# Text Processing and Question-Answering Workflow

This notebook outlines the process of loading a PDF, splitting its content, generating embeddings, building a FAISS index, and configuring a local language model for question-answering.

---

## Steps

### 1. Load and Split Text Data
- A PDF document is loaded using the `PyPDFLoader` from LangChain.
- The content is split into pages.

### 2. Process Text into Fragments
- The text is divided into smaller chunks using `RecursiveCharacterTextSplitter`.
- This ensures each chunk has a manageable size (e.g., 1000 characters) with an overlap for context preservation.

### 3. Convert Chunks into Document Objects
- Each text chunk is encapsulated as a `Document` object for further processing.

### 4. Generate Embeddings
- Embeddings for the text chunks are generated using the `sentence-transformers/all-MiniLM-L6-v2` model.
- These embeddings are vector representations of the text, useful for similarity search.

### 5. Build a FAISS Index
- A FAISS index is created from the document embeddings, enabling efficient similarity-based retrieval.
- The index is saved locally for reuse.

### 6. Configure a Retriever
- The FAISS index is converted into a retriever.
- This retriever is configured to return the top 5 most similar results based on a query.

### 7. Load and Configure a Local Language Model
- The `google/flan-t5-large` model is downloaded and loaded onto a GPU (if available).
- A `text2text-generation` pipeline is set up with constraints on input and output lengths.

### 8. Create a Question-Answering Chain
- A `RetrievalQA` chain is built, combining the retriever and the local language model.
- This chain retrieves relevant documents and generates answers based on the query.

### 9. Test with a Query
- A sample question (e.g., "How can I create a function in Python?") is passed to the QA chain.
- The chain retrieves relevant information and generates a well-formatted answer.

---

## Outputs
- Number of pages loaded from the PDF.
- Number of text fragments generated.
- Confirmation of successful index creation and retrieval configuration.
- A clean, formatted response to the test query.

---

This workflow demonstrates how to integrate LangChain components and Hugging Face models to create a functional text-processing and question-answering system.


# 1. Load and Split Text Data

In [1]:
from langchain.document_loaders import PyPDFLoader

# Path to the PDF file
pdf_path = "../data/pdf/pythonlearn.pdf"

# Load the PDF file
loader = PyPDFLoader(pdf_path)

# Load the PDF content and split it into individual pages
pages = loader.load()

# Print the number of pages successfully loaded from the PDF
print(f"Loaded {len(pages)} pages from the PDF.")
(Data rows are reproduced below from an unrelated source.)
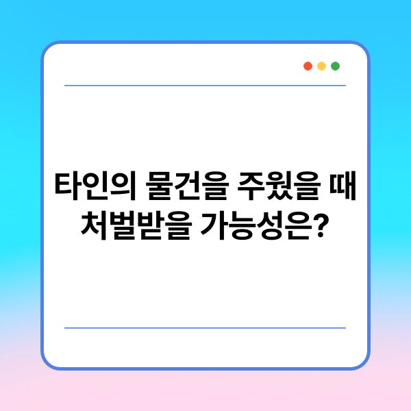 타인의 물건을 주웠을 때, 처벌받을 가능성에 대한 관심이 높아지고 있습니다. 일상생활에서 주운 물건이 타인의 소유물일 경우, 법적 책임이 발생할 수 있습니다. 본 글에서는 타인의 물건을 주웠을 때 어떤 법적 기준이 적용되는지, 그리고 처벌의 가능성에 대해 설명하겠습니다. 이와 관련된 법령과 사례를 통해 이해를 돕고자 합니다. 법적 문제에 대한 기본적인 지식을 갖추는 것이 중요합니다.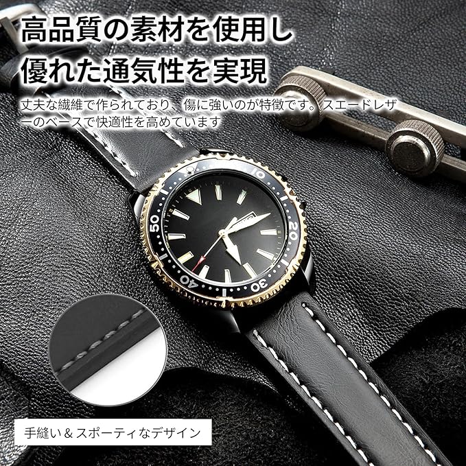 ヴィンテージスタイル: 厳選された最高級のクレイジーホースレザーは、革を曲げると自然にひび割れが生じます。時間の経過とともに自然な風合いが生まれますが、こうした単純な欠陥がどんな時計にも豊かな質感を加えます。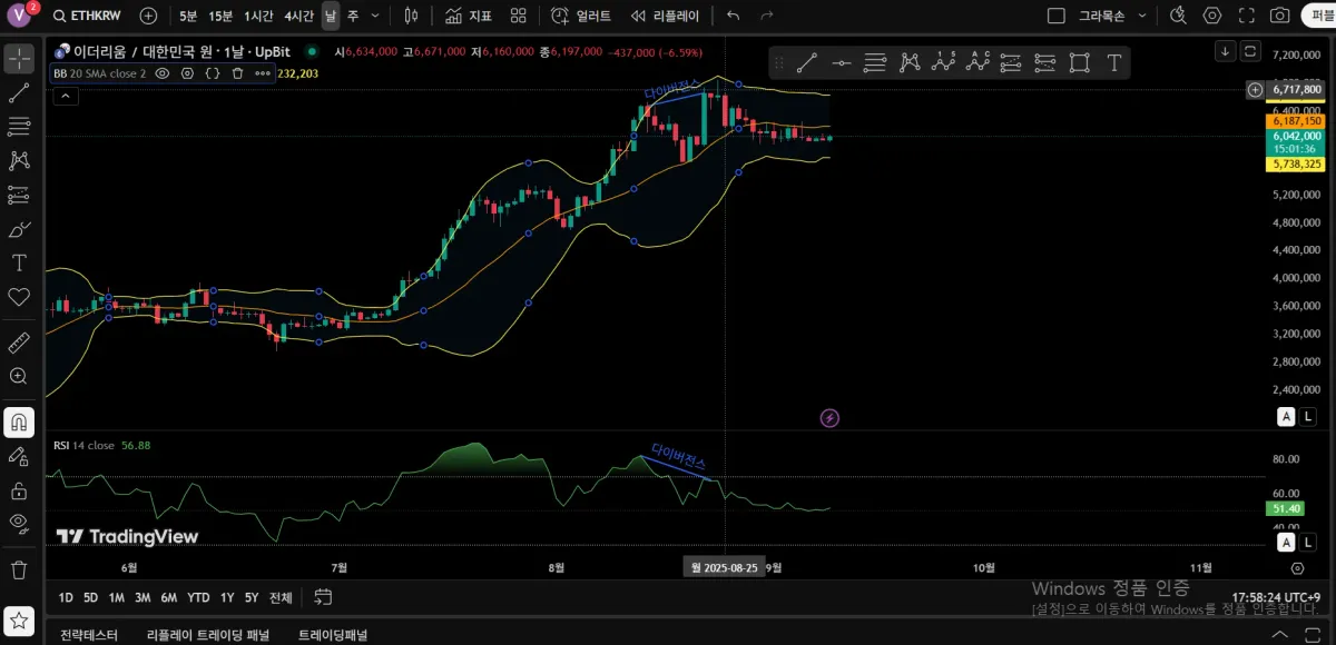 이더리움 날봉기준으로 하였고 볼린저밴드와 다이버전스지표를 통하여 매매를 해보겠습니다.

Loaded 241 pages from the PDF.


# 2. Process Text into Fragments

In [2]:
from langchain.text_splitter import RecursiveCharacterTextSplitter

# Configuring the text splitter
text_splitter = RecursiveCharacterTextSplitter(
    separators=["\n\n", "\n", " "],  # Hierarchical separators
    chunk_size=1000,  # Maximum size of each text chunk
    chunk_overlap=200  # Overlap between chunks for context retention
)

# Splitting the content into fragments
documents = []
for page in pages:
    fragments = text_splitter.split_text(page.page_content)
    documents.extend(fragments)

print(f"Generated {len(documents)} fragments.")

Generated 611 fragments.


# 3. Convert Chunks into Document Objects

In [3]:
from langchain.docstore.document import Document

# Convert fragments into Document objects
doc_objects = [Document(page_content=fragment) for fragment in documents]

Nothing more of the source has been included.